Giving Compass’ Take:
· Nina Jais at FSG provides a few helpful points for institutional investors when exploring their unique position within the impact investing market.
· What role do institutional investors play in impact investing? How does it go beyond the typical impact vs. return debate?
Impact investing is here to stay and going mainstream: Recent impact investing conferences like the Impact Summit Europe and the GIIN that feature the who’s who of the financial services industry don’t leave any doubt about that. A good set of investment managers have an experienced head start of several years and are creating differentiated positions for their companies in the market. These savvy investors move beyond the simplistic impact vs. return debate, as Omidyar Network and FSG portray in the Beyond Trade-offs series published on The Economist digital hub, as well as in a set of newly-released podcasts on that same theme.
Here are some key take-aways for institutional investors:
1. Institutional investors—such as banks, insurances, and pension funds, for example—can explore their unique role within the impact investing market. These institutional investors can seek out the market segments where impact goes hand-in-hand with financial return, or even delivers impact alpha, i.e. excess return beyond market benchmarks. In impact investing, there is a broad range of viable impact investment profiles, some of which involve a choice between impact or financial return, and some of which do not. Therefore, fiduciary duty is only a mental hurdle—and not a fact-based hurdle—for involvement in the space.
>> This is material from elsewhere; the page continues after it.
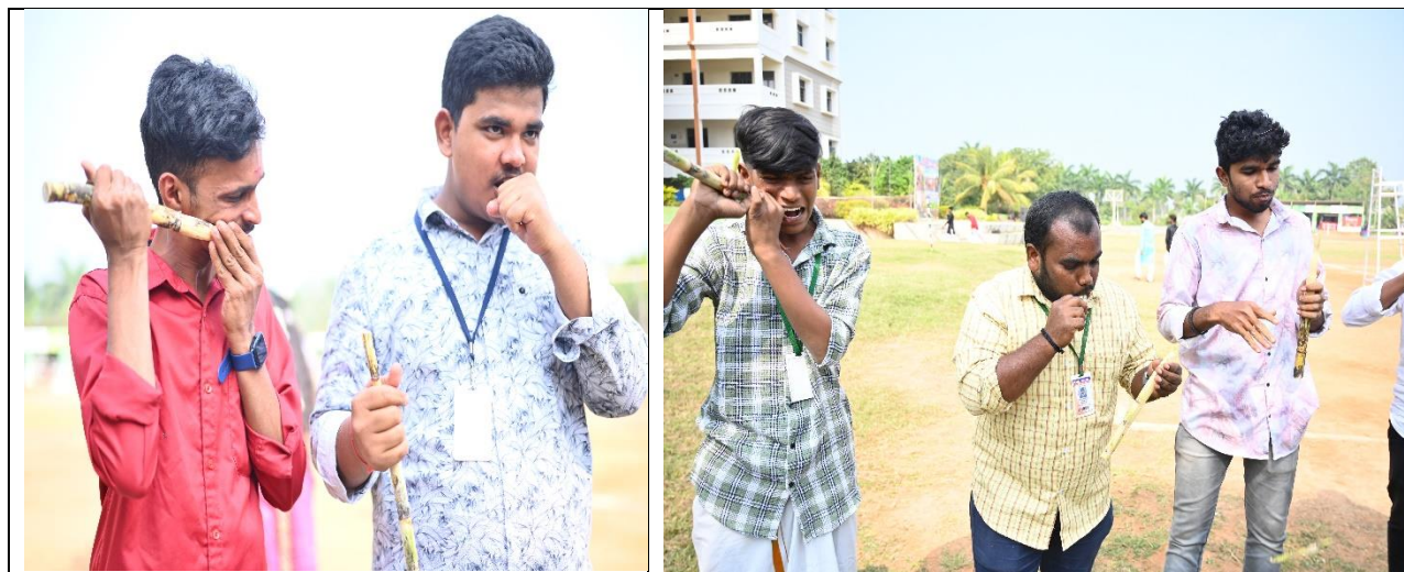
Students Participating in Sugarcane Eating Competition

A sweet challenge that brought out participants' gusto as they indulged in the deliciousness of sugar cane, adding a traditional flavor to the festivities.

2. An important learning from the front-runners is to not mute, but actually to lean into the tensions and concerns about impact investing one hears from colleagues and top management. Does it create real impact? Can it create market rate returns? Isn’t it inherently riskier? It is not helpful to hide below-market rate investments within a bigger portfolio and only report on the average outcomes. One of the key Beyond Tradeoffs messages is that investment officers need to understand the full risk-returns-impact continuum available and select different instruments, with transparency about what each of these vehicles can and cannot achieve. Asset class flexibility and a breadth of target impact outcomes have allowed Prudential to ensure a steady and diversified pipeline across their three differently positioned impact portfolios.